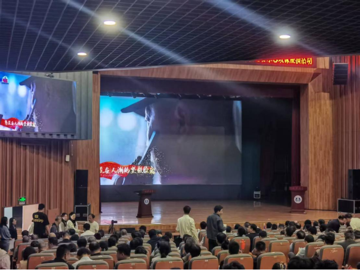3月27日下午15:00,南华大学红湘校区南华礼堂座无虚席,一场由南华大学党一站式学生服务中心大力协助举办的国家安全音乐思政课展演在此热烈展开。
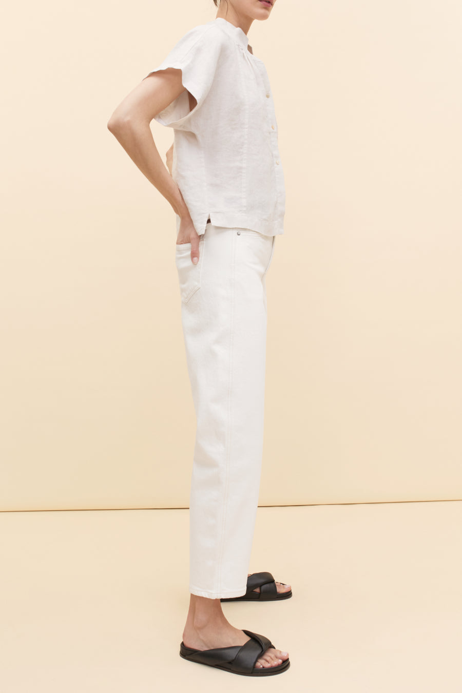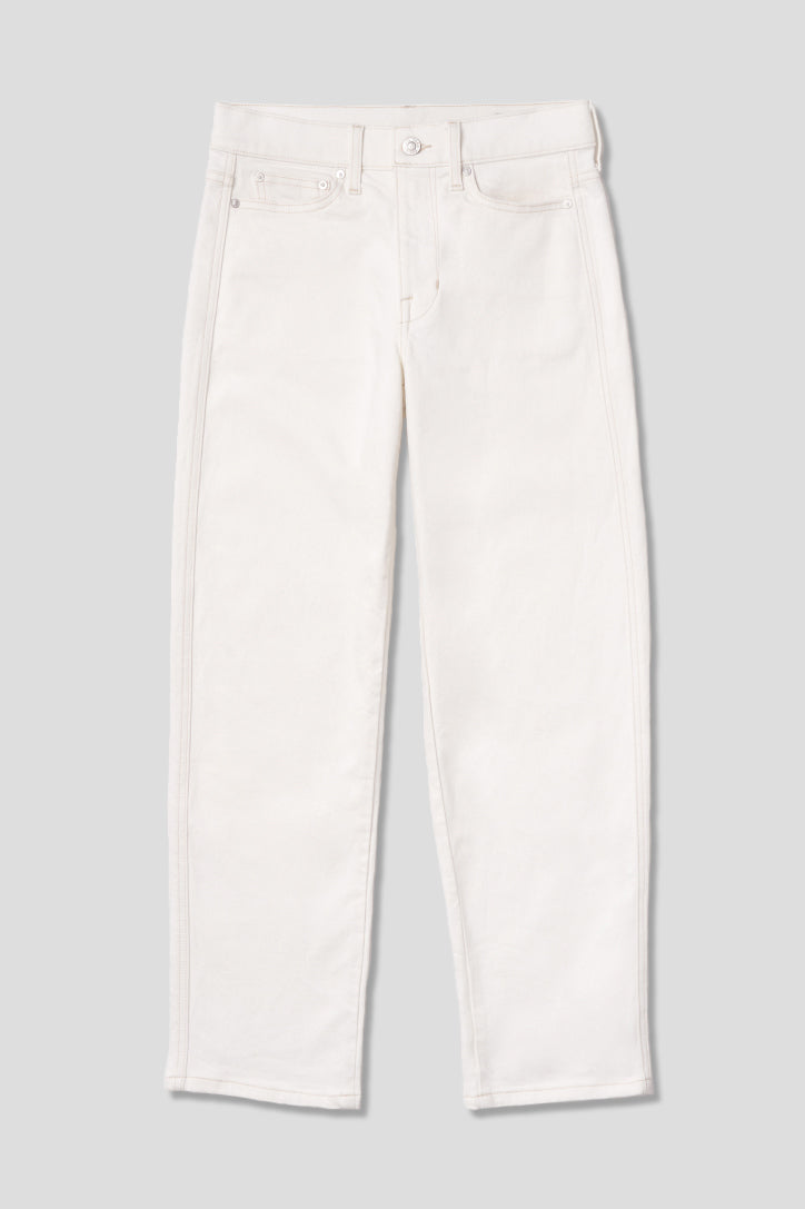 Creme Soda: Off-white, opaque, heavyweight structured denim with comfort stretch.
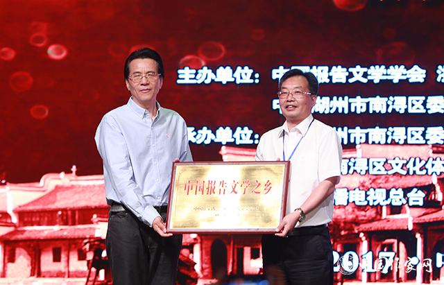 中國報告文學學會授予南潯“中國報告文學之鄉”稱號,中國作協副主席何建明為其授牌,中共湖州市南潯區委書記夏堅定上臺接牌 攝影:王紀國
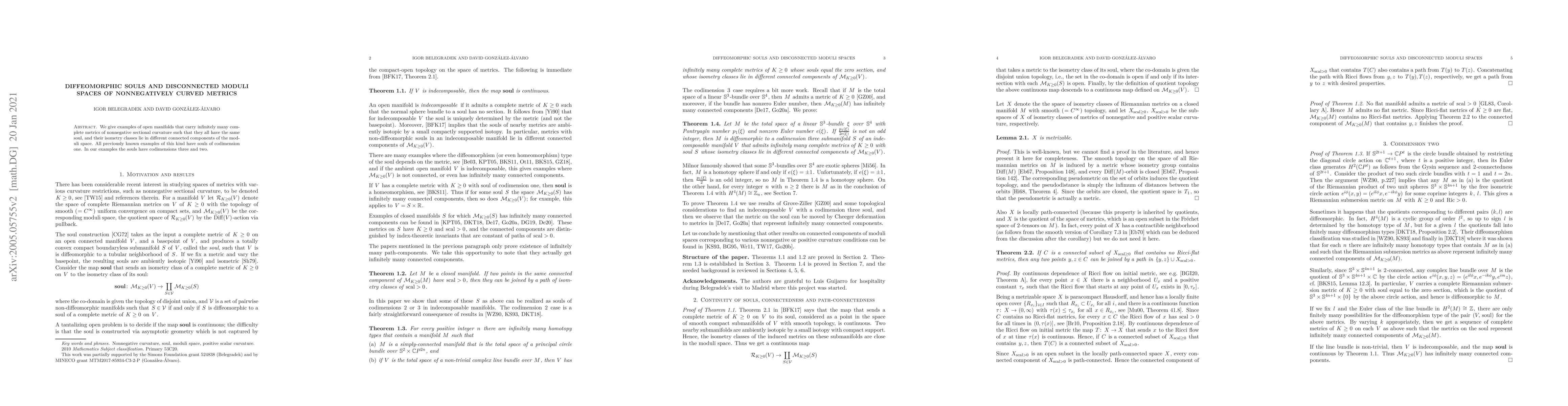 The paper introduces new examples of manifolds with disconnected moduli spaces under nonnegative curvature constraints, demonstrating souls of higher codimensions than previously known.
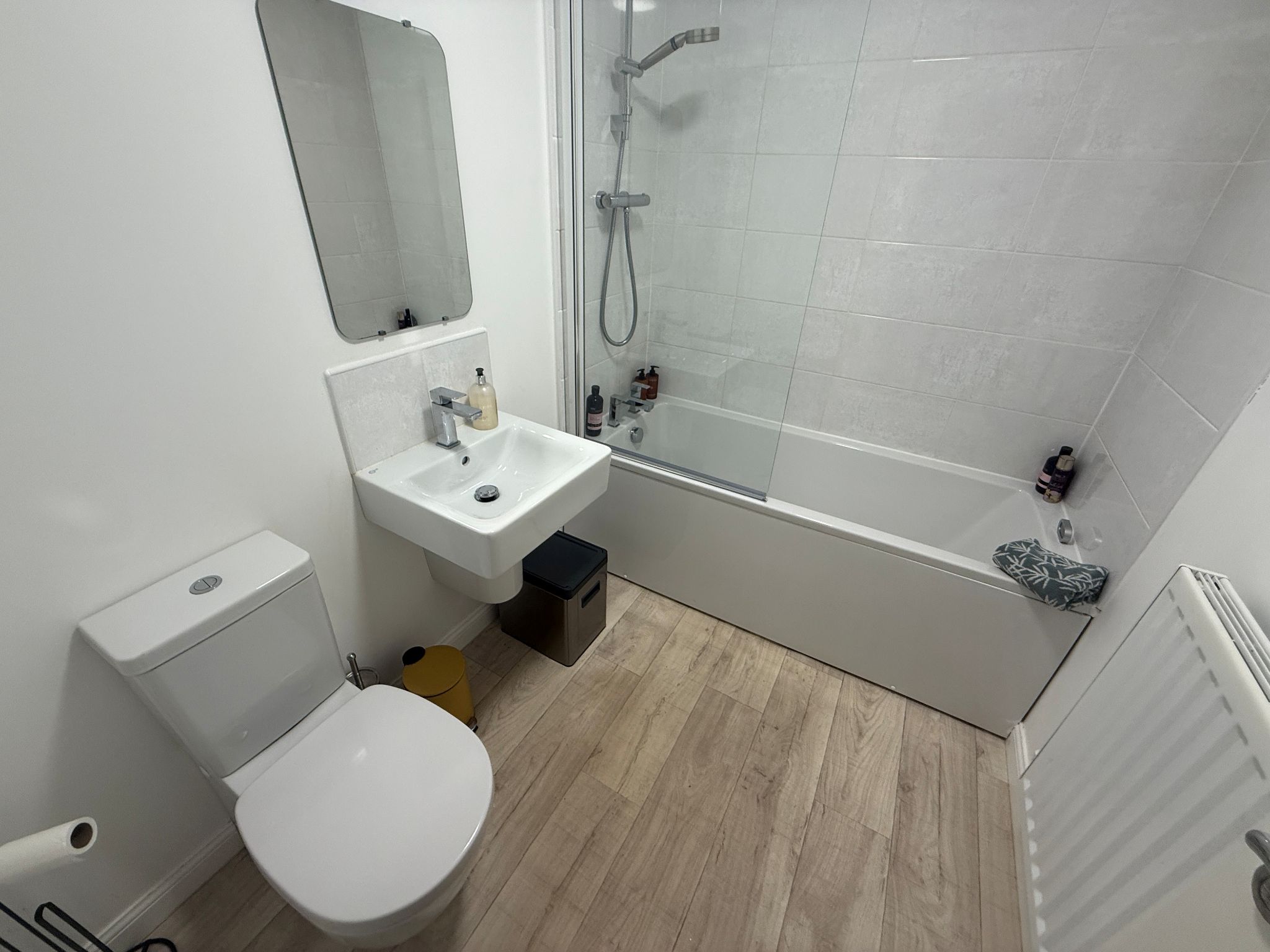 Modern family bathroom with WC, basin, part-tiled walls and shower over bath.
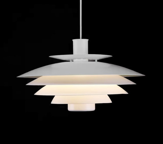 Een schitterende, iconische Deense hanglamp van Scandinavisch design in de grootste uitvoering, bestaande uit zes wit gepoedercoate metalen kappen.

========

◆ **Assignment**
Find the line that contains "Modern family bathroom", then write out that line and every line after it through the end of the records, exactly. Leave the pictures out.

◆ **Output for this task**
 Modern family bathroom with WC, basin, part-tiled walls and shower over bath.
 Een schitterende, iconische Deense hanglamp van Scandinavisch design in de grootste uitvoering, bestaande uit zes wit gepoedercoate metalen kappen.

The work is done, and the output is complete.